[Entries taken from a collection]
┄┄┄┄┄┄
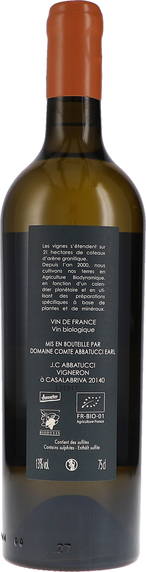 Für die zweite weiße Cuvée der Collection hat Jean-Charles Abbatucci fünf autochthone Sorten mit Vermentinu assembliert: Rossola Brandinca, Riminese, Carcaghjolo Bianco, Biancone und Paga Debbiti. Vielfältiger Duft von Kräutern und Wildblumen wie Kamille,
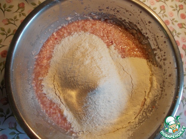 В полученную массу ввести просеянную с разрыхлителем муку, перемешать.
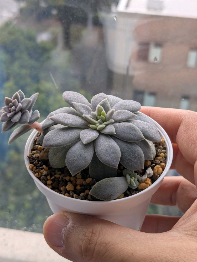和名は銀明色だそうです。銀武源の片親と聞きました。葉挿しもでやすく繁殖力旺盛です👍ただいかんせん地味です🤣紅葉すると綺麗らしいのですが、例のごとく我が家では紅葉しないので😭
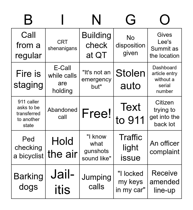 This bingo card has a free space and 24 words: Hold the air, Jail-itis, "It's not an emergency but", Barking dogs, Gives Lee's Summit as the location, Call from a regular, Fire is staging, CRT shenanigans, Text to 911, "I know what gunshots sound like", Stolen auto, 911 caller asks to be transferred to another state, Traffic light issue, An officer complaint, E-Call while calls are holding, "I locked my keys in my car", Citizen trying to get into the back lot, Building check at QT, Dashboard article entry without a serial number, Abandoned call, Receive amended line-up, Ped checking a bicyclist, No disposition given and Jumping calls.
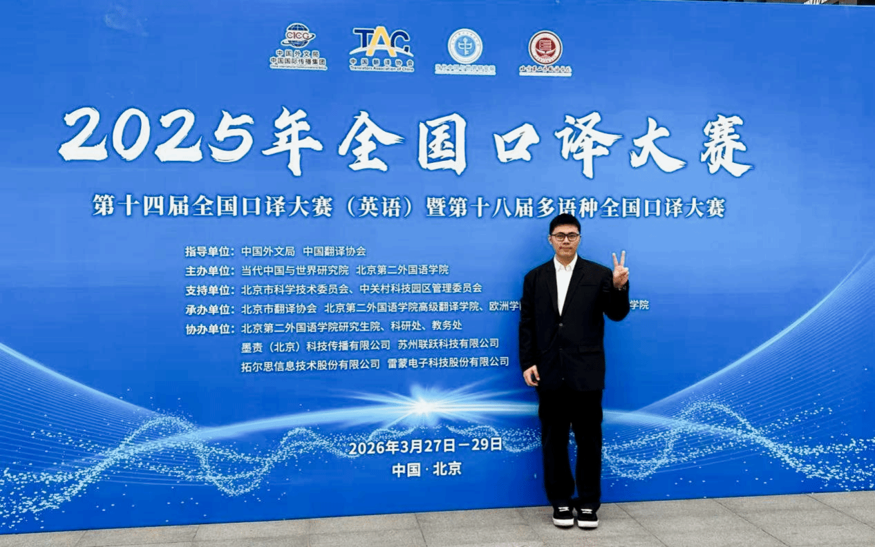 近年来,ok138cn太阳集团529始终聚焦翻译学科建设,以高水平赛事为抓手,以赛促学、以赛促教、以赛促练,不断夯实学生的语言基本功,提升学生的口译实践能力和跨文化传播能力,为培养适应国家发展需求的高素质语言服务人才筑牢根基。未来,学院将继续秉持立德树人根本任务,深化教学改革,强化实践育人,鼓励更多学子登上高水平赛事舞台,在比拼中锤炼本领、增长才干,为国家国际传播能力建设和语言服务行业发展输送更多优秀人才。
┄┄┄┄┄┄
What is required:
Give again, word for word, only the lines from the one with "В полученную массу" through the last line of the entries, both included; no pictures go in the copy.

Your solution:
 В полученную массу ввести просеянную с разрыхлителем муку, перемешать.
和名は銀明色だそうです。銀武源の片親と聞きました。葉挿しもでやすく繁殖力旺盛です👍ただいかんせん地味です🤣紅葉すると綺麗らしいのですが、例のごとく我が家では紅葉しないので😭
 This bingo card has a free space and 24 words: Hold the air, Jail-itis, "It's not an emergency but", Barking dogs, Gives Lee's Summit as the location, Call from a regular, Fire is staging, CRT shenanigans, Text to 911, "I know what gunshots sound like", Stolen auto, 911 caller asks to be transferred to another state, Traffic light issue, An officer complaint, E-Call while calls are holding, "I locked my keys in my car", Citizen trying to get into the back lot, Building check at QT, Dashboard article entry without a serial number, Abandoned call, Receive amended line-up, Ped checking a bicyclist, No disposition given and Jumping calls.
 近年来,ok138cn太阳集团529始终聚焦翻译学科建设,以高水平赛事为抓手,以赛促学、以赛促教、以赛促练,不断夯实学生的语言基本功,提升学生的口译实践能力和跨文化传播能力,为培养适应国家发展需求的高素质语言服务人才筑牢根基。未来,学院将继续秉持立德树人根本任务,深化教学改革,强化实践育人,鼓励更多学子登上高水平赛事舞台,在比拼中锤炼本领、增长才干,为国家国际传播能力建设和语言服务行业发展输送更多优秀人才。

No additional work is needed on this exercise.